Que dire de plus que la première ordalie (rêvée) de Lenny Belardo, devenu Pie XIII, le premier pape américain de l’histoire. C’est bon, c’est drôle, c’est frais, engagé avec beaucoup de politique interne au Vatican et de manipulations, ça bouscule beaucoup de choses, la satire est forte et Jude Law y est excellent. Si l’extrait que je viens de vous citer ne vous convainc pas, courrez vous faire votre propre idée.

Crazyhead

Sorcellerie, possession et douche dorée, c’est « Crazyhead » sur E4.

Amy est une jeune fille tout ce qu’il y a de plus normal, du moins, le croyait-elle. Si les âmes des personnes décédées finissent leurs existences paisiblement, certaines, tourmentées, restent sur terre et prennent possession des vivants pour accomplir leurs vengeance. Certaines personnes, dont Amy, sont capables de les voir. Mais Amy n’est pas seule. Raquel, une chasseuse autodidacte, armée de Wikipedia et d’un bâton acheté sur ebay va lui expliquer la réalité sur ses visions et se battre à ses côtés contre les démons.

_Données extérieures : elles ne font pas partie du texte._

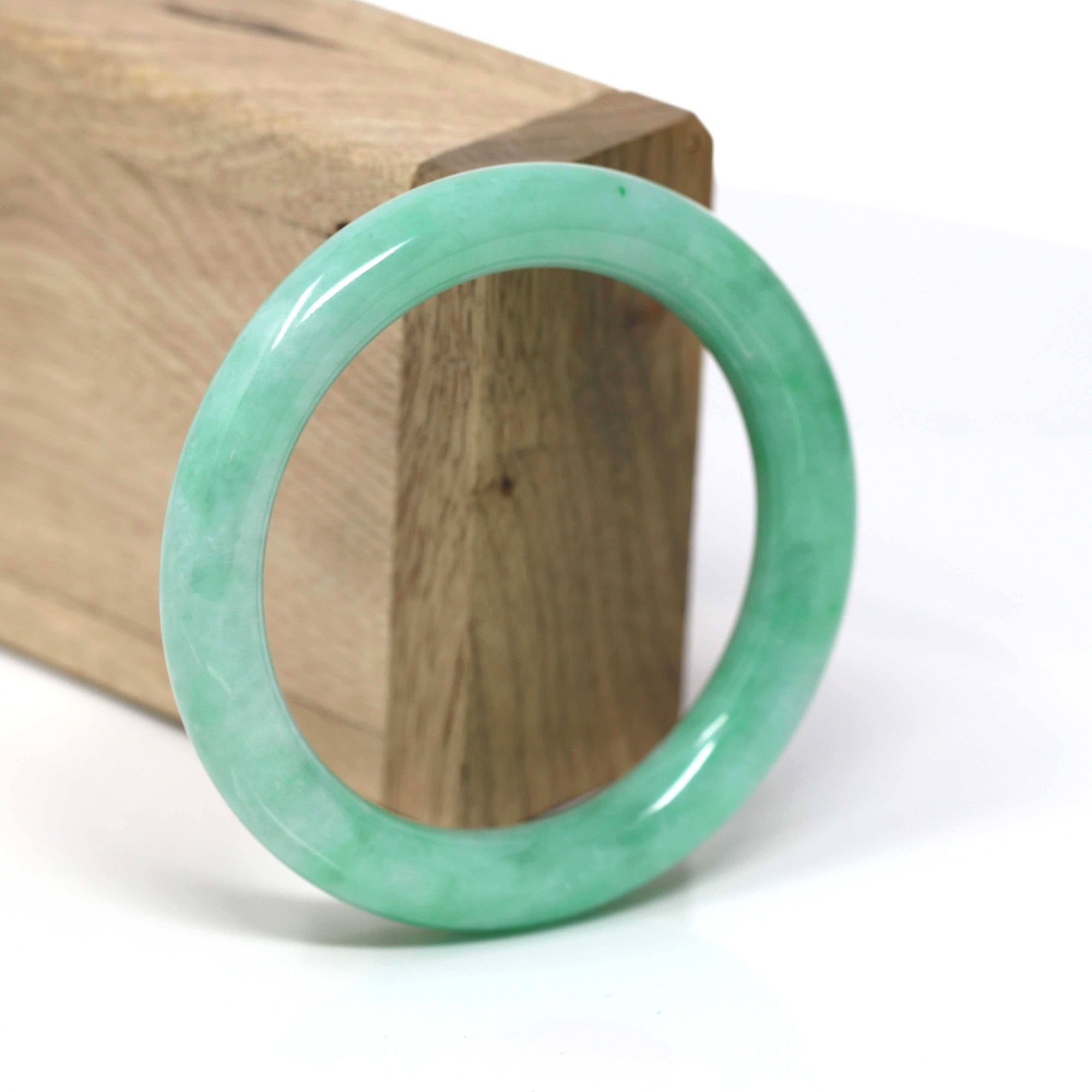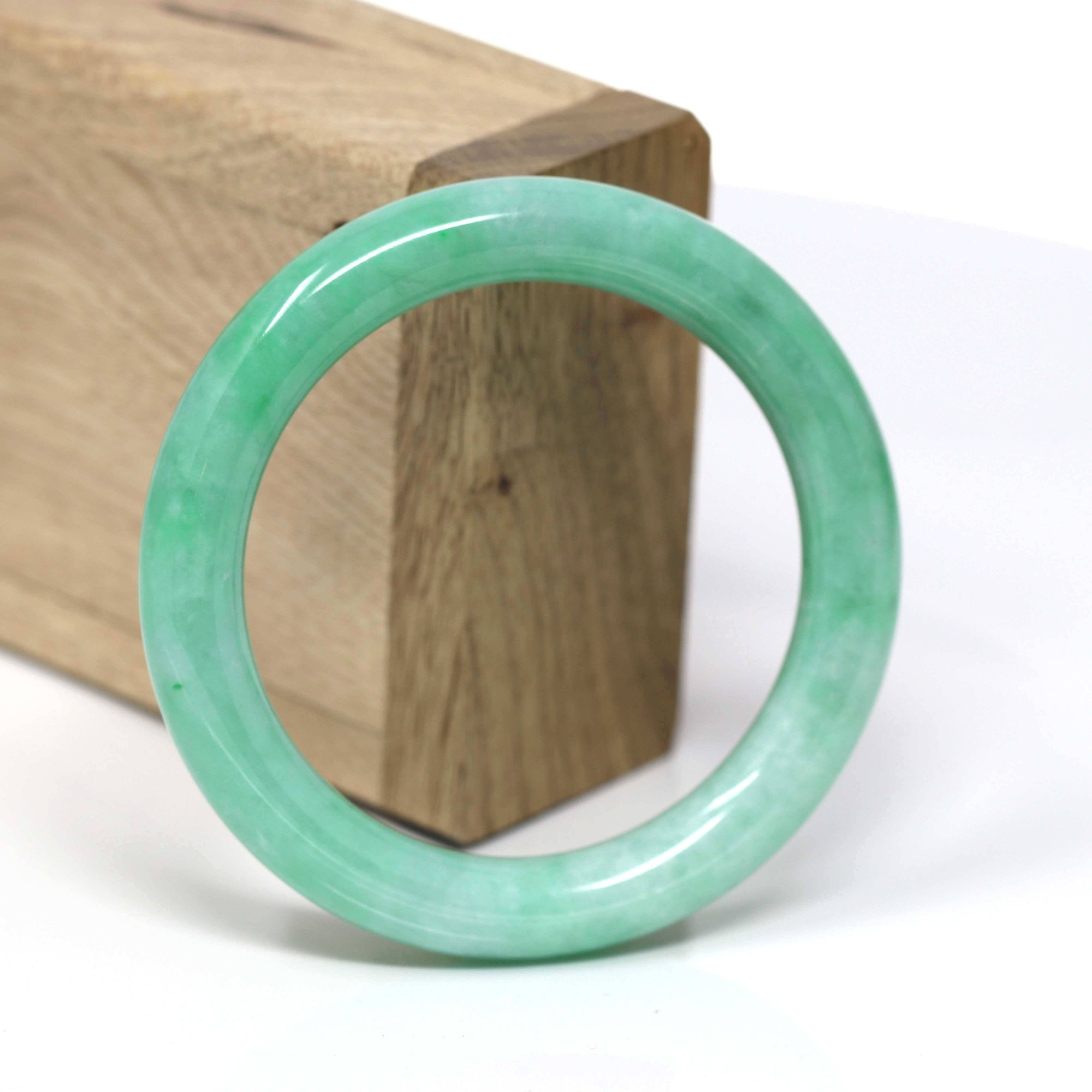 Natural Burmese High end Ice Green Jadeite Jade Bangle Bracelet (51.4 mm) #T807
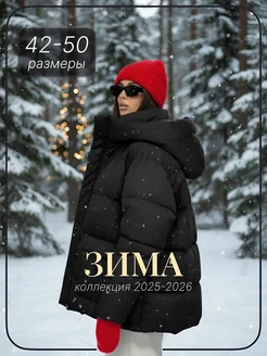 Пуховик оверсайз удлиненный с капюшоном
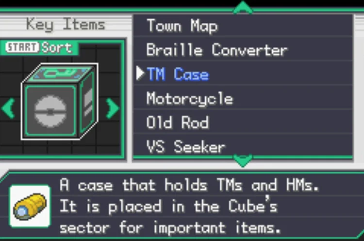 | 기술머신 케이스 TM Case | 발견한 모든 기술머신(TM)과 비전머신(HM)을 보관합니다. | 얼어붙은 고도(Frozen Heights) 큐브와 함께 기본적으로 제공됩니다 | ![]() |
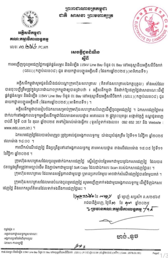 ភ្នំពេញ ៖ អគ្គិសនីកម្ពុជា សូមជូនដំណឹងដល់បណ្តាក្រុមហ៊ុន/សហគ្រាស (គិតទាំងសហគ្រាស ឯកត្តបុគ្គល) ទាំងអស់ ដែលបានចុះបញ្ជីត្រឹមត្រូវ ក្នុងព្រះរាជាណាចក្រកម្ពុជា ឲ្យបានជ្រាបថា ៖ អគ្គិសនីកម្ពុជា នឹងដាក់ឱ្យដេញថ្លៃ ជាសាធារណៈដើម្បី ផ្គត់ផ្គង់សម្ភារ និងដំឡើង 115kV Line Bay ចំនួន 01 Bay នៅអនុស្ថានីយអគ្គិសនីបឹងកក់ (GS11) (កញ្ចប់លេខ០៨) ជូន នាយកដ្ឋានបញ្ជូនអគ្គិសនី (ផែនការឆ្នាំ២០២៥) (អាទិភាពទី១) ។
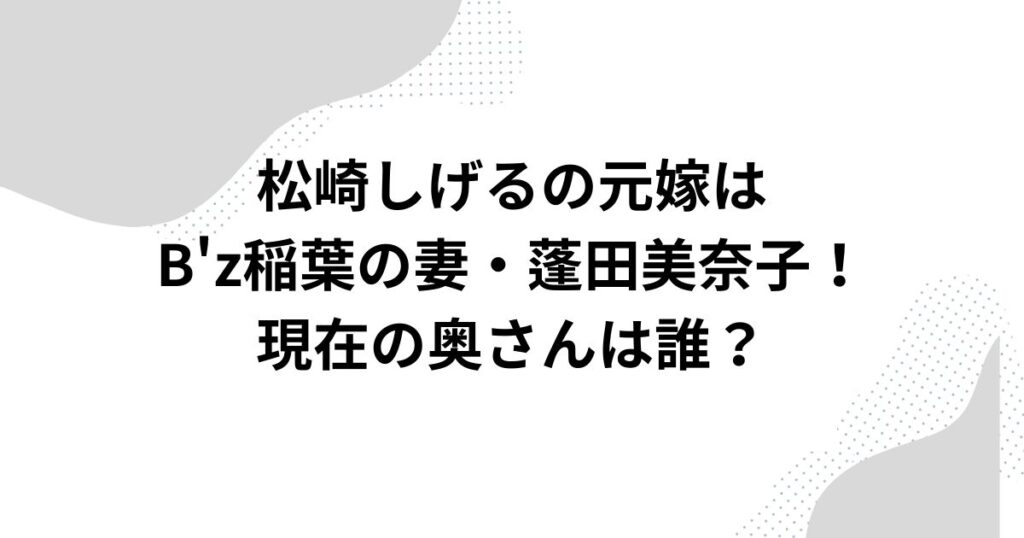 松崎しげるの元嫁はB’z稲葉の妻・蓬田美奈子!現在の奥さんは誰?
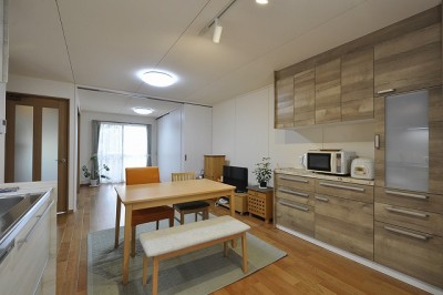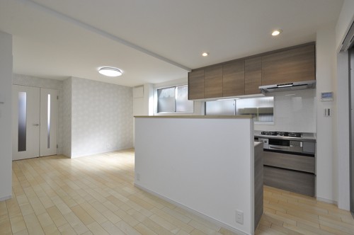 将来2世帯でお過ごしになることを見据え、LDKの隣にお母様の寝室を作りました。 天井までの3枚引き戸で仕切ることで、開ければワンルームのように広々と、閉めればプライベートが確保できる個室として使えます。
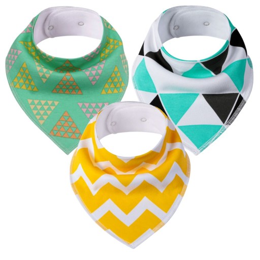 Zestaw 3 sztuk śliniaczków wykonanych z 100% bawełny, oddychający przyjemny w dotyku materiał nie podrażni skóry dziecka.

Nous devons cette série à Howard Overman, le créateur de « Misfits ». La série est à mi-chemin entre « Supernatural » et « Buffy ». D’ailleurs, elle a son Angel en la personne de Sawyer, un beau jeune homme mystérieux et possédé qui combat également les démons. Les personnages sont plutôt bien campés et les situations plutôt drôles. Après, le ton est encore un peu hésitant entre la pure comédie et la série d’horreur et ne trouve pas forcément encore un équilibre, mais bon, on a tout de même droit à une série courte (six épisodes pour la première saison) qui semble prometteuse.